I have a problem updating a value of a variable in a shell script from inside of a while loop. It can be simulated with the following piece of code:

 printf "aaa\nbbb\n" | \
      while read x ; do
          y=$x
          echo "INSIDE: $y"
      done
 echo "OUTSIDE: $y"

Output:

INSIDE: aaa
INSIDE: bbb
OUTSIDE: 

Here printf command just display two lines, while-read loop read it line by line, updating certain variable, but as soon as control going out of the loop the value of the variable gets lost.

I guess the problem is related to the fact that 'pipe-while-read' statement causes shell to execute the body of the loop in a subprocess, which cannot update the shell variables in the main loop.

If I rewrite the first two lines of code as

 for x in `printf "aaa\nbbb\n" ` ; do

Output:

INSIDE: aaa
INSIDE: bbb
OUTSIDE: bbb

It could be a workaround, but not for my case because in reality I have not 'aaa' and 'bbb' but more complex strings including whitespaces etc.

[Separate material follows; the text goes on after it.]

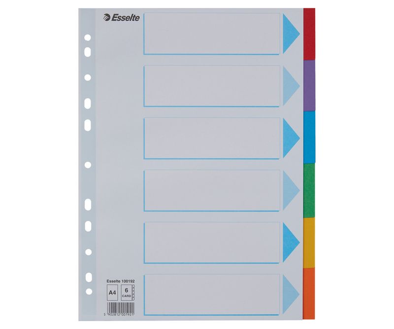 6 separatoare colorate pentru organizarea sistematică a documentelor și sortare rapidă.

Any idea how to tackle the problem, namely: read a command output line by line in a loop and be able to update shell variables?

Thanks.

An excerpt from man bash:

Each command in a pipeline is executed as a separate process (i.e., in a subshell).

And Subshell cannot change the variable in Parent.

One of the possible Solution is:

IFS='\n'
while read x ; do
   y=${x}
   echo "INSIDE: ${y}"
done <<EOT
aaa
bbb
EOT
echo "OUTSIDE: ${y}"

Or if the input is a file:

IFS='\n'
while read x ; do
   y=${x}
   echo "INSIDE: ${y}"
done < /path/to/file
echo "OUTSIDE: ${y}"

This reads one line at a time, and doesn't have any issue with spaces.

You can get rid of the pipe-into-while by using process substitution instead:

while read x ; do
    y=$x
    echo "INSIDE: $y"
done < <(printf "aaa\nbbb\n")
echo "OUTSIDE: $y"

Alternatively, if your input is in a file, you can redirect it into while:

while read x ; do
    y=$x
    echo "INSIDE: $y"
done < file
echo "OUTSIDE: $y"